I was going to update https://github.com/spdx/spdx-3-model/blob/main/serialization/json_ld/examples/converted_from_spdx_2.json with the results of our meeting and I realized if we named the “SerializeableCollection” “SpdxDocument”, it’s already updated to our decisions.

While reviewing, I realized we have the same inconsistency in actual serialization and the serialized model object that we had with namespaces. If the “element” property represents everything serialized AND if the “SerlializeableCollection” is serialized in the collection itself AND the serialization method makes it clear which elements are included in the serialization (which I think all file based serializations do), then you can get the list of elements serialized out of the serialization itself. This leads to the possible inconsistency where what is actually serialized is different from what is in the “element” property of the “SeraializableCollection”.

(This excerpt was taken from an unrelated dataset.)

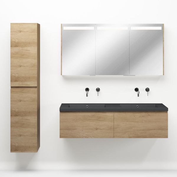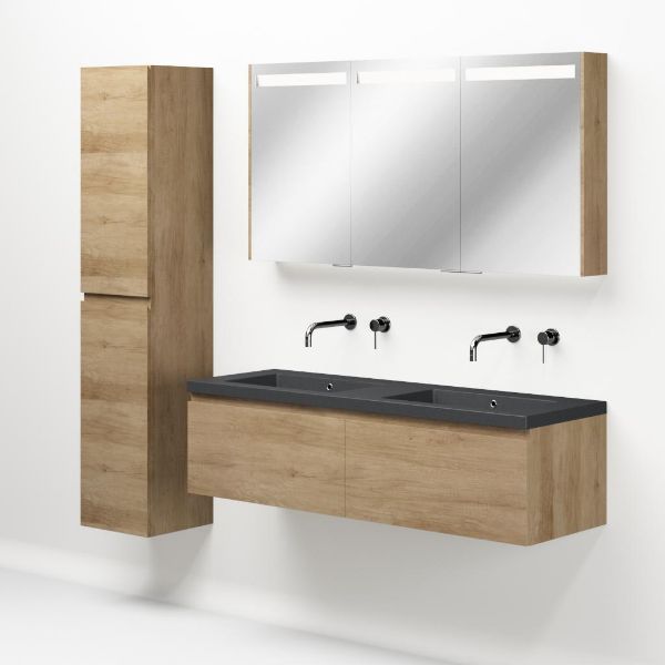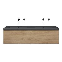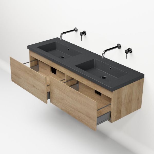 Greeploos badkamermeubel in de kleur olm is 140 cm breed. De wastafel is vervaardig in quartz en heeft de kleur grijs mat quartz. Dit badkamermeubel met deze wastafel is leverbaar tussen de 60 cm t/m 160 cm

I can think of a couple approaches to handling the inconsistency while continuing to support the decisions made in the serialization meeting on 2023 Nov 21:

  1. Have a rule that IF the serialization format natively supports the "element" property by clearly delineating which elements are included in the serialization, the "element" property is NOT serialized as part of the "SerializableCollection" and on deserialization, the actual elements in the serialization are used to repopulate the "element" property of the "SerializableCollection".
  2. Invalidate any serialization where the "SerializableCollection" element disagrees with what is actually serialized

Option 1 has the advantage of not duplicating the list of elements if only one SBOM is in the serialization - the issue Max raised on our call - while still retaining the element property in the model which should satisfy the concern raised by Sean on making the list of elements explicit in the model. It also has an advantage that no serialization can possibly contain the inconsistency.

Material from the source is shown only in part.